News Corp previously blamed hackers linked to China for the cyber attack, with the intention of gathering intelligence to benefit China’s interests.
In February 2022, News Corp, the giant media and publishing company, disclosed a data breach revealing that its journalists had been targeted in a software supply chain attack.
Now, the company has shared additional information stating that the breach actually occurred in February 2020, meaning hackers sat on its network for two years without being noticed. The cybersecurity firm to assist News Corp at that time was Google-owned Mandiant.
In a breach notification, the company said that the threat actors behind the breach accessed its email and document storage system, used by multiple News Corp businesses. Personal and health information of affected employees was accessed, but the company stated that it does not appear that the activity was focused on exploiting personal information.
Based on the investigation, News Corp understands that, between February 2020 and January 2022, an unauthorized party gained access to certain business documents and emails from a limited number of its personnel’s accounts in the affected system, some of which contained personal information.
The breach impacted a number of News Corp news outlets, including The Wall Street Journal, the New York Post and its U.K. news operations. Among the personal information accessed were names, dates of birth, social security numbers, driver’s license numbers, passport numbers, financial account information and medical and health insurance information.
News Corp has previously stated that the attackers were linked to China and were likely involved in espionage activities to collect intelligence to benefit China’s interests.

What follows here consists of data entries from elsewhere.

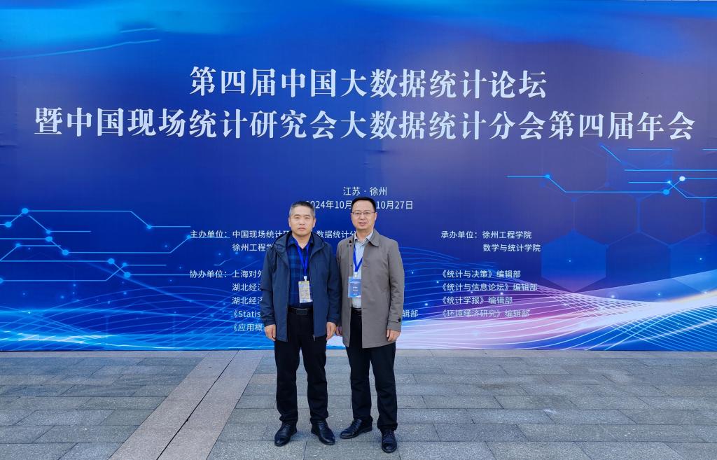 10月25-27日,由中国现场统计研究会大数据统计分会主办、徐州工程学院承办的第四届中国大数据统计论坛暨中国现场统计研究会大数据统计分会第四届年会在江苏徐州召开。来自教育部高等学校统计学专业教学指导委员会委员以及北京大学、浙江大学、武汉大学、中国人民大学、中国科学技术大学、华东师范大学、南方科技大学、中国科学院、国家统计局统计科学研究所等全国180多所高校、科研院所和企业代表等四百余人参加会议。必赢官网副院长周世军、金融与统计系副教授胡根华应邀参加本次年会。
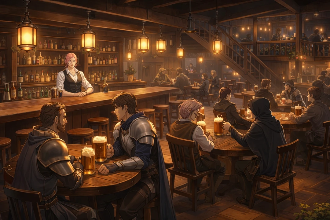 王都リリシアの冒険者ギルドのすぐ隣にある酒場「囁きの炉端」 ここは、冒険の前後に人が集い、酒を飲み、噂や依頼を交わす場所 剣聖の手は、酒と料理を作る手に変わり 言葉は、酒場を訪れる者へ 冒険者であれ、旅人であれ、身分や過去は問われない ここで何を語り、どこへ向かうかは、訪れた者次第
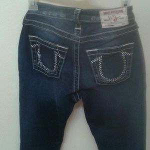 Rhinestone horseshoe true religion logo on back pockets dark blue wash high waist skinny jeans. New without tags.
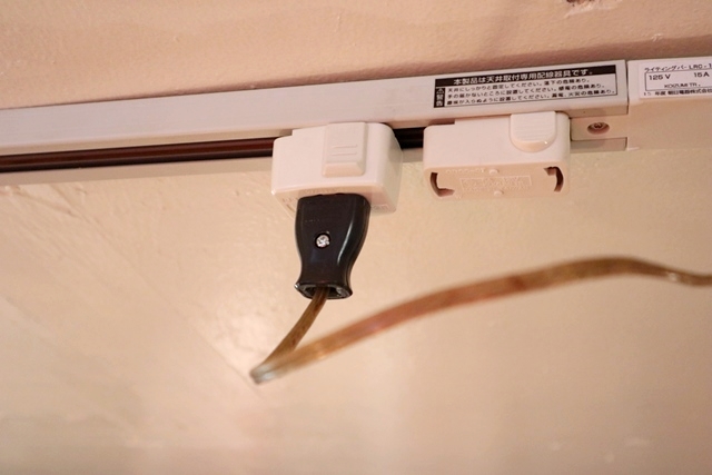 プラグは一般的なコンセントタイプで、吊り下げるだけだとコードと一緒にある鎖は下がってきてしまう状態ですので、S字フックなどで調整する必要があります
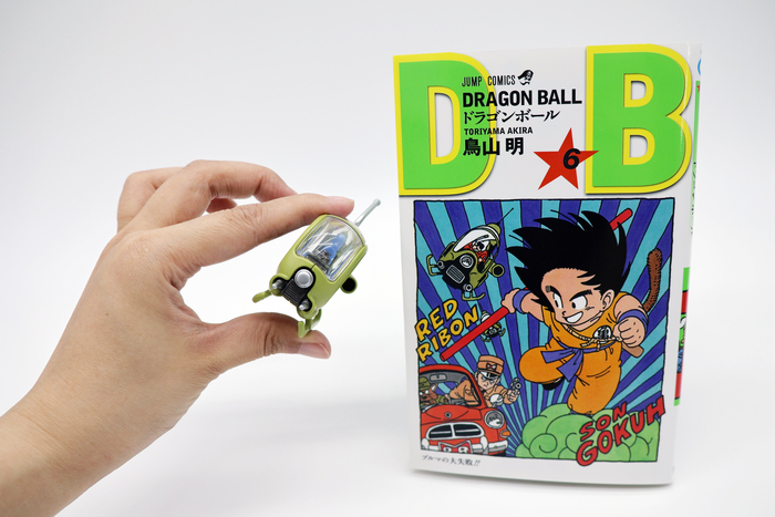 La camioneta de Kamesennin y la pequeña aeronave del Ejército de la Cinta Roja llegaron a la redacción del sitio web oficial de Dragon Ball . ¡Echemos un vistazo a estos productos, tan pequeños que caben en un paquete de 8 x 4 cm!
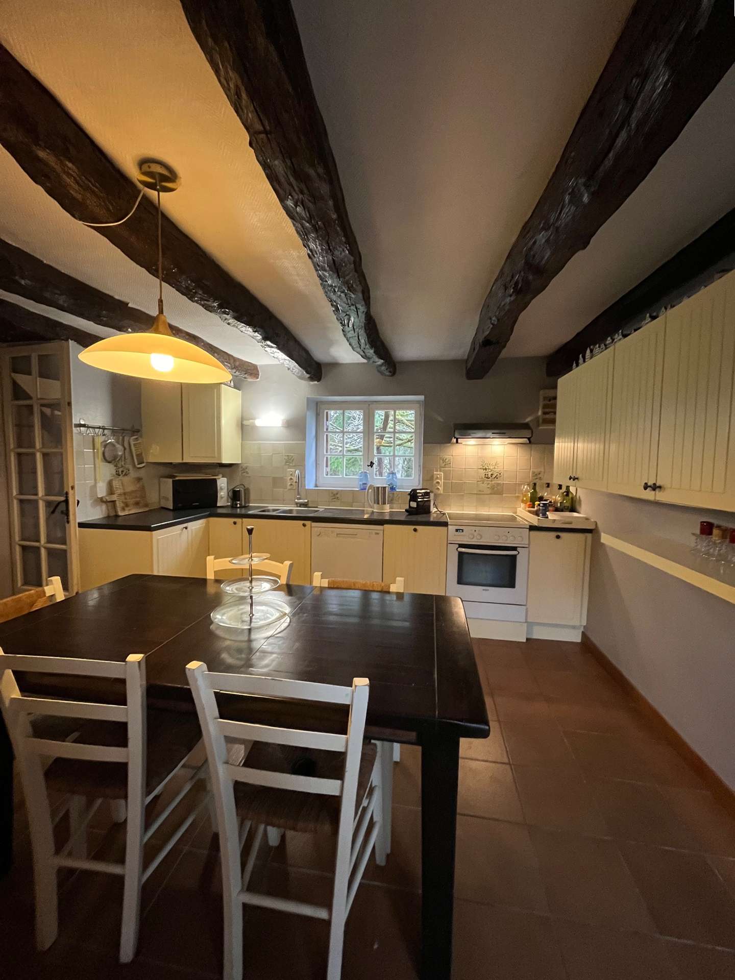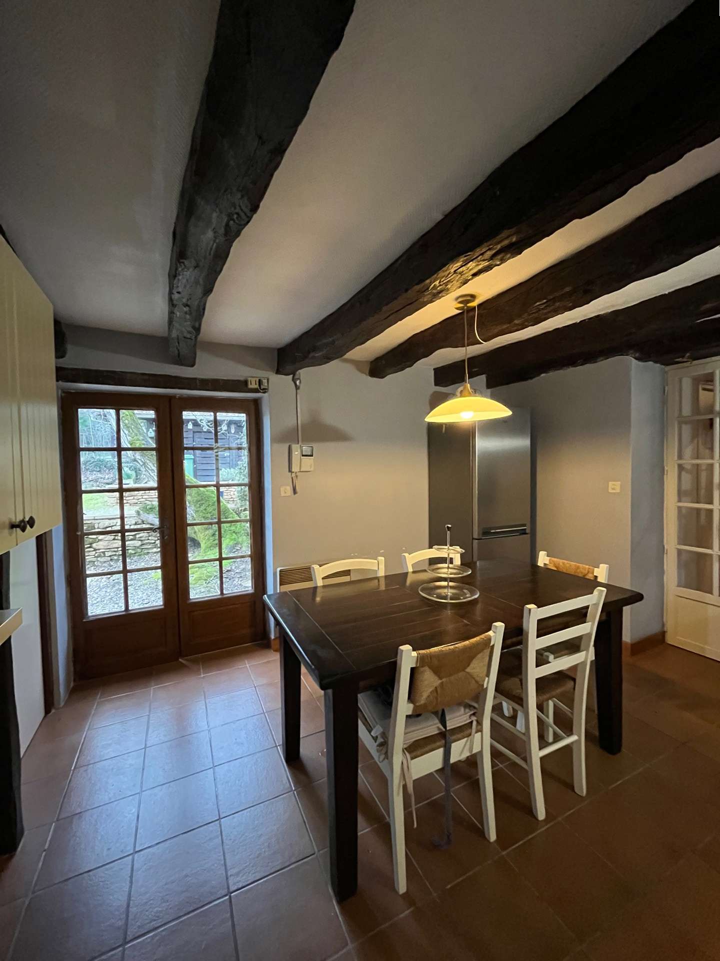 Sur la droite du hall, une cuisine équipée, avec notamment un lave vaisselle, vous attend pour préparer vos repas dans les meilleures conditions. Elle s'ouvre sur une spacieuse salle à manger qui bénéficie d'un accès direct à deux terrasses dont l'une est ombragée par une magnifique glycine.

In October 2022, the New York Post revealed that it had been hacked after its website and Twitter account were used to publish offensive content targeting multiple U.S. politicians. The newspaper later revealed that the incident was caused by one of its own employees who was fired after their involvement was discovered.
News Corp’s properties include a number of high-profile news outlets such as Dow Jones, FOX News, The Sun, and MarketWatch, among others. It is worth noting that in March 2019, the Dow Jones made headlines for leaking a “screening list” comprising sensitive information about terrorists, criminals, and shady businesses.

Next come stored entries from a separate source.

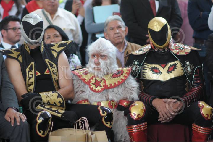 MEXICO, D.F., 22JULIO2015.- Erick "el terrible" Morales, Jorge Guzmán "El Hijo del Santo" e Ivonne Ortega Pacheco, secretaria general del PRI, durante la inauguración del Corredor Cultural Ídolos del Ring en la barda perimetral de la sede nacional del partido. FOTO: DIEGO SIMÓN SÁNCHEZ /CUARTOSCURO.COM
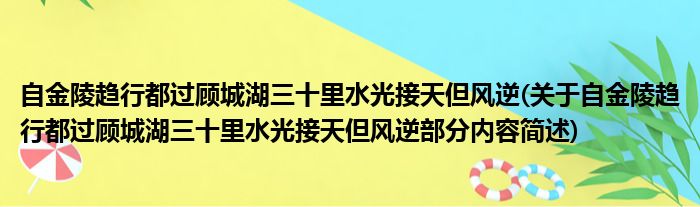 自金陵趋行都过顾城湖三十里水光接天但风逆(关于自金陵趋行都过顾城湖三十里水光接天但风逆部分内容简述)
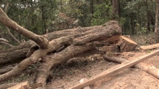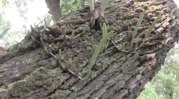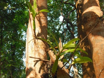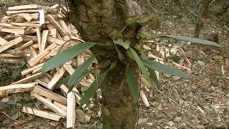 2014.03.05 パユヤム村の尾根の防火帯整備作業の撮影中に撮影したもの。別の木に着生していたものが。何かの原因で地面に落下したのを村人が近くの木の又に保護したものと推察した。ランであるか否か=価値が有るかないかではなく、森に生きる生命全般に対する心配りである。
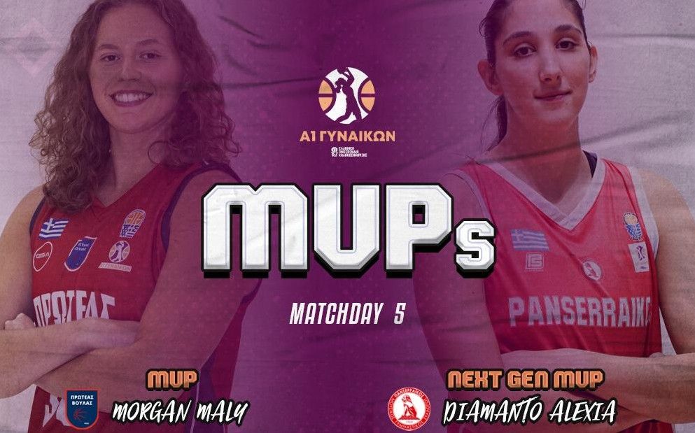 Η 5η αγωνιστική στην Α1 Γυναικών ολοκληρώθηκε. Πολυτιμότερες παίκτιρες αναδείχθηκαν οι Λόρεν Μάλι του Πρωτέα Βούλας και Διαμάντω Αλεξιά του Πανσερραϊκού.
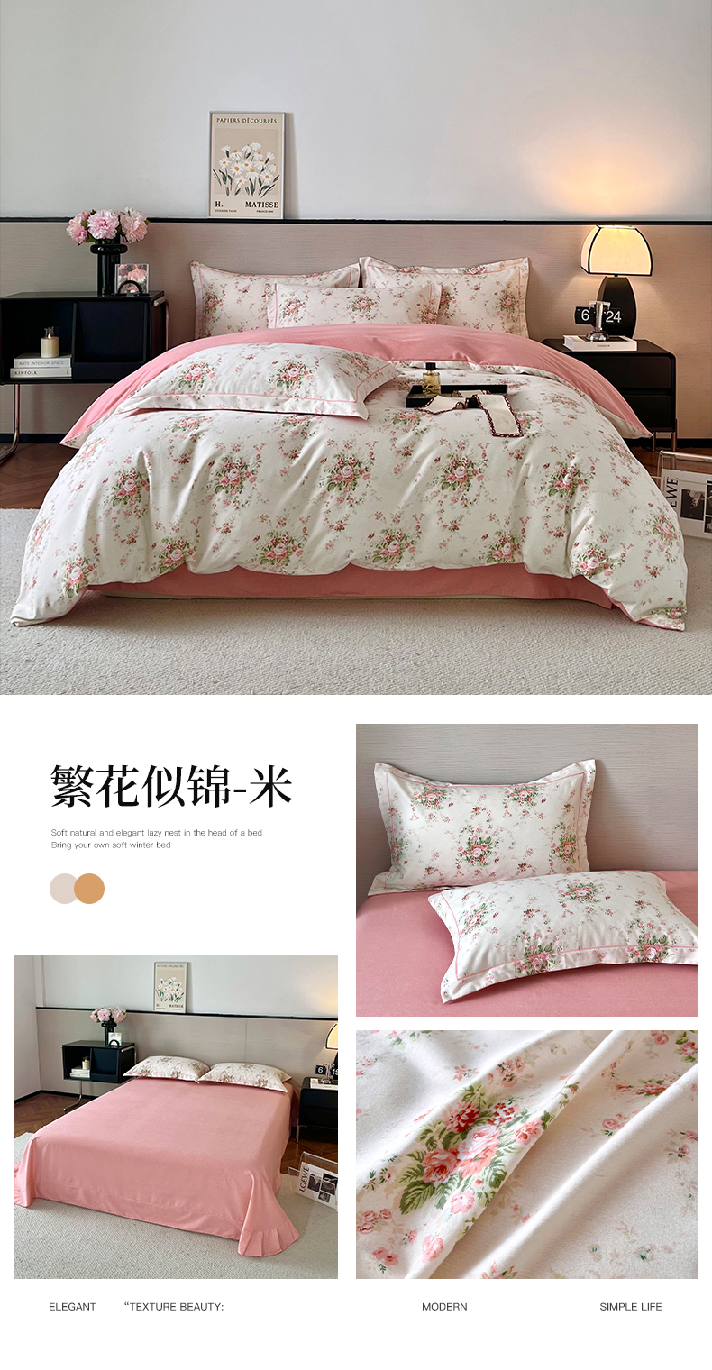 当前位置: 91家纺网 > 商品网购 > 床品套件 > 四件套 > 全棉普通四件套 > 帛美家纺 2025年新款加厚纯棉全棉磨毛印花四件套 遇春雪-粉
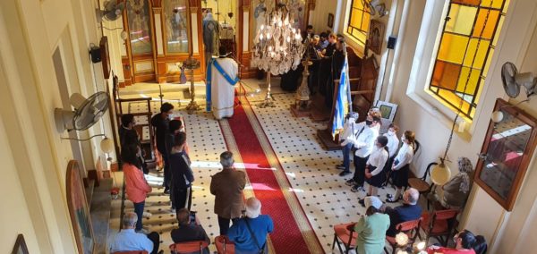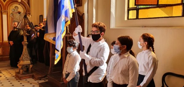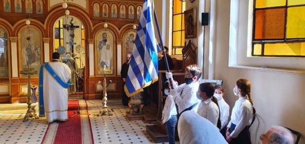 Τη Θεία Λειτουργία παρακολούθησε ο Διευθυντής της Αχιλλοπουλείου κ. Τάσος Αναστασίου, η υποδιευθύντρια της Αμπετείου κ. Μαρία Λιάκου καθώς και μαθητές των Ελληνικών Σχολείων.
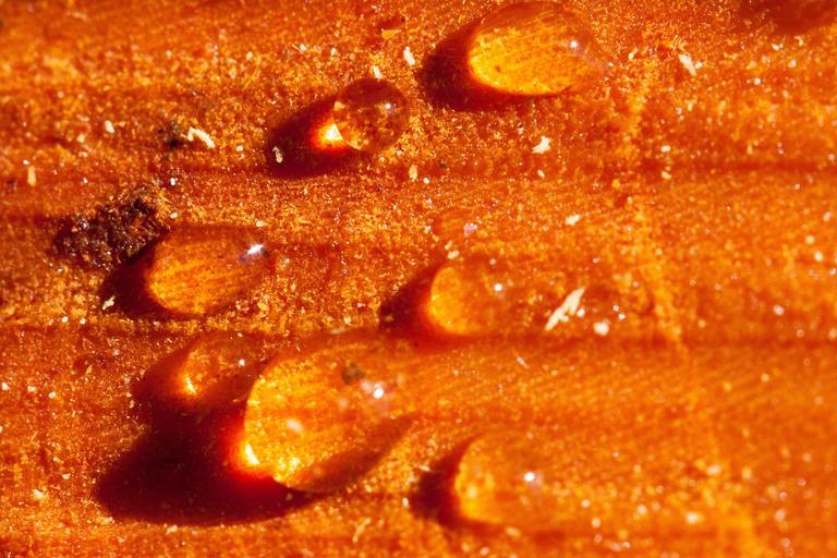 Keywords: resin bitumen tree pruning spring cut lebendharzung deciduous tree wound resin discharge harz exit close wood tribe gold yellow
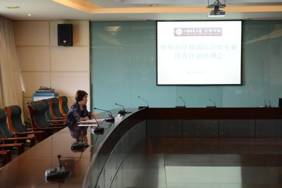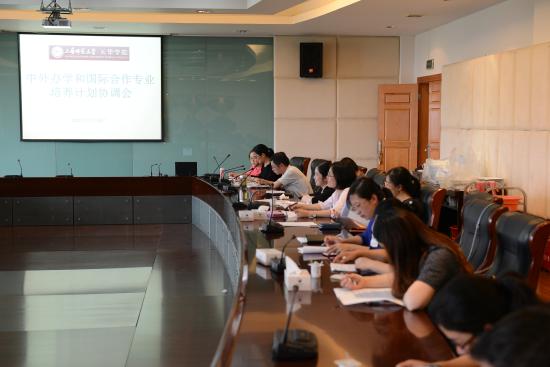 国际合作学院副院长、国际交流处处长胡珍首先对新拟定的《中外合作办学专业教学管理细则》进行了解读,重点讲解了国际合作项目(包括中外合作办学项目和双语课程合作项目)培养方案的制定原则、国际合作项目教学管理、通识课程教学管理以及师资培训的基本考虑,并结合我校学生语言学习实际,就今后合作项目学生的语言培训计划进行了汇报。教务处副处长王慧老师对培养方案的制订原则及学时学分的匹配等进行了说明。随后,参会者就培养方案、课程匹配、师资配备等具体问题进行了详细探讨,基本达成共识:一是要结合中外两校各自的办学优势,参照国际教育标准并充分考虑具体国情,共同制定合作办学专业的人才培养方案,以外语能力突出,掌握专业的基本理论、基本方法、基本技能和相关知识作为人才培养目标,重点培养能满足行业需求且具备国际化理念的高级别应用型人才。二是在课程设置上,中外合作办学项目将实行模块化、学分制管理,培养方案和课程教学大纲,由国际合作学院、相关院(系)和教务处根据专业人才培养的基本要求、我校及国外合作院校具体情况,在充分调研论证的基础上共同制定。三是在教学管理上,中外合作办学专业教学计划由二级学院负责具体实施;涉及外方课程的由国际合作学院(国际交流处)牵头,联合二级学院、教务处、外方共同制定,国际合作学院(国际交流处)作为对外联络部门与管理部门,负责项目的联络、申报、评估工作,负责与外方合作院校的协调与沟通等;国际合作学院负责通识教育部分(含与合作院校的学分互认课程以及国内的通识课程)以及出国语言培训的教学工作;二级学院负责专业课程(含专业基础课、专业必修课、专业选修课)的教学工作以及实习实训安排。外教专业课程部分由国际合作学院负责联络外教,由二级学院衔接具体教学安排。

In April 2022, FOX News exposed thirteen million records online. The fifty-eight gigabytes worth of information included internal records, PII (personally identifiable information) of the company’s employees, and much more. These records remained open to public access before the company was alerted about the incident.
In a comment to Hackread.com, Julia O’Toole, CEO of MyCena Security Solutions, said that “It is astounding that News Corp has only discovered this highly important piece of information one year after the breach was first announced, and it puts employees at a much greater risk of financial fraud and identity theft.”
Julia stressed that “Given that the attackers had two years of access before they were identified, this means they most likely got away with more information than was first realised, and with no one knowing it was stolen, they wouldn’t have been on high alert for potential attacks.”
“The suspected groups behind cyber espionage campaigns will generally always use phishing to gain an initial foothold on an organisation. Knowing it provides the greatest chance of success, they will target employees with realistic phishing emails in a bid to steal their user credentials so they can access the corporate network, carry out reconnaissance, and steal data,” warned Julia.